--- WHAT THIS TASK INVOLVES ---
Retype, word for word, the line holding "Новий Розділ ТЕЦ, Олійний Вимикач 110кВ" and each line after it down to the end of the data; pictures are not copied.

--- MATERIAL SUPPLIED ---
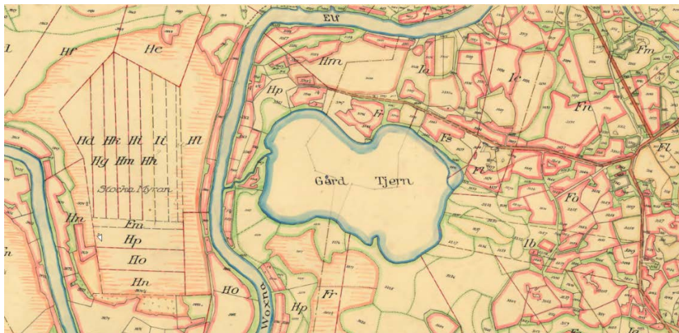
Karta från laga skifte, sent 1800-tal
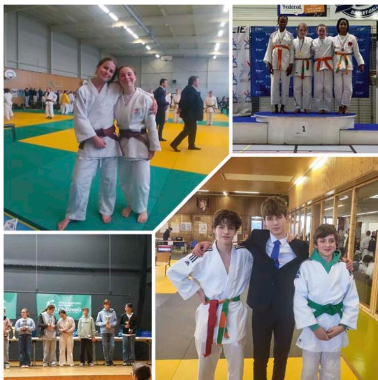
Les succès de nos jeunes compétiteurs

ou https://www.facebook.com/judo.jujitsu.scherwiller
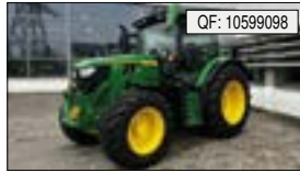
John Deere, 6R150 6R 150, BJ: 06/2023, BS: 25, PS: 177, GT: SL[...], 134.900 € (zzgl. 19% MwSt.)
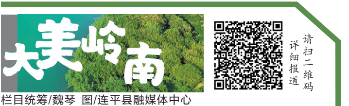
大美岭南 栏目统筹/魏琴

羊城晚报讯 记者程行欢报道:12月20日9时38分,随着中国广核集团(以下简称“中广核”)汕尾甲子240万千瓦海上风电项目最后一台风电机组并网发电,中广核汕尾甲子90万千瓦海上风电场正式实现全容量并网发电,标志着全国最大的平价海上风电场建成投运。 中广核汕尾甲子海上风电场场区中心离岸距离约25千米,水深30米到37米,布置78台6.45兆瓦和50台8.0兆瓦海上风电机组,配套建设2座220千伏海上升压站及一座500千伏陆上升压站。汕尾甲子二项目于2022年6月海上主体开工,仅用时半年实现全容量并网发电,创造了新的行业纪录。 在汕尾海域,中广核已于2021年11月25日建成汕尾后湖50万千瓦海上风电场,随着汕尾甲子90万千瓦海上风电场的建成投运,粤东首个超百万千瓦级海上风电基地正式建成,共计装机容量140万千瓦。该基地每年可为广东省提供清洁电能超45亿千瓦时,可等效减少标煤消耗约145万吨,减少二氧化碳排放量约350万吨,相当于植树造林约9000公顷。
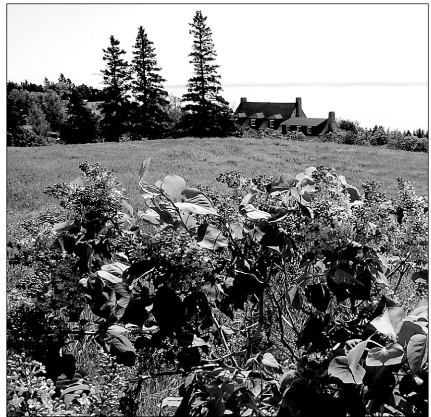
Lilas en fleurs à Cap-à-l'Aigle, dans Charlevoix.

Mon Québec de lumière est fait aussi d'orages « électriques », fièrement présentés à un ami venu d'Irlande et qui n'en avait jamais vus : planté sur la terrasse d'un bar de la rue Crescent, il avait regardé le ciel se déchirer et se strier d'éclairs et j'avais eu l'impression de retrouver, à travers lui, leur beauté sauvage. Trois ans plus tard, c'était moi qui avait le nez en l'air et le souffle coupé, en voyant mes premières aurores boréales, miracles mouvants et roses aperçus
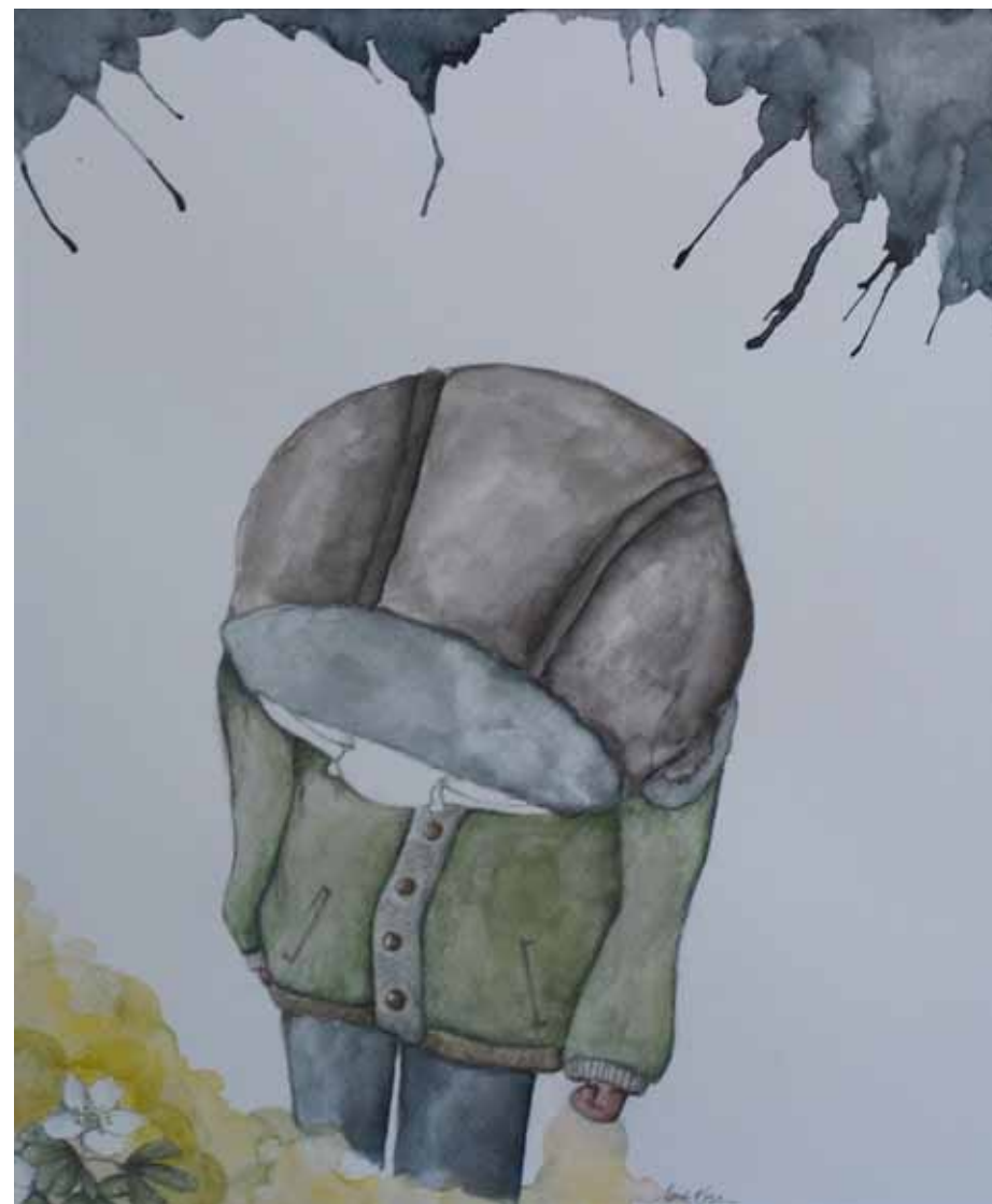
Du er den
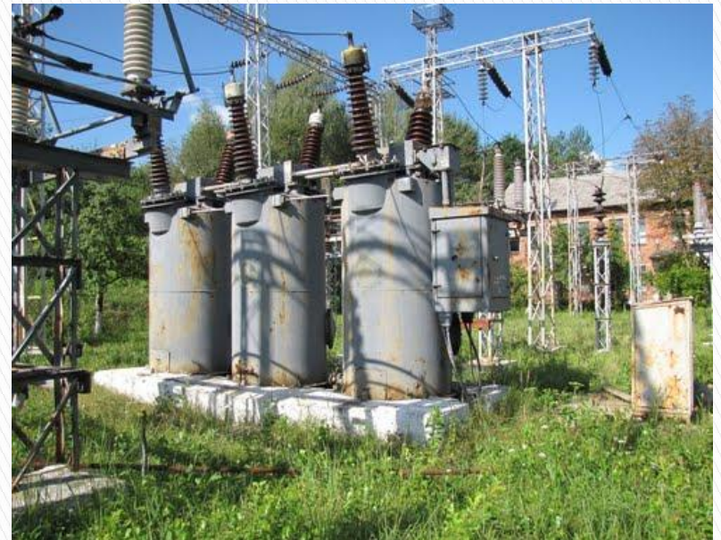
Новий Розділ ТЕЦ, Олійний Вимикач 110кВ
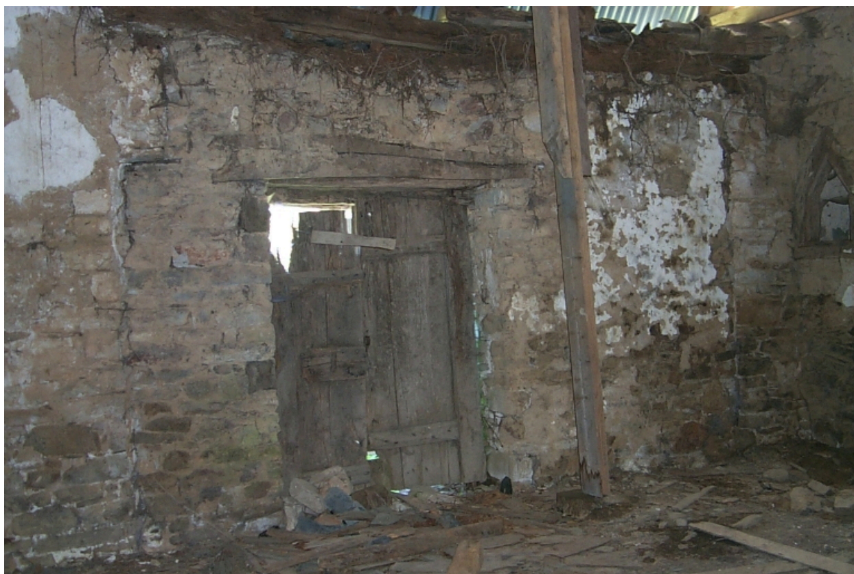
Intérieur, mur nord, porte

--- EXPECTED ANSWER ---
Новий Розділ ТЕЦ, Олійний Вимикач 110кВ
Intérieur, mur nord, porte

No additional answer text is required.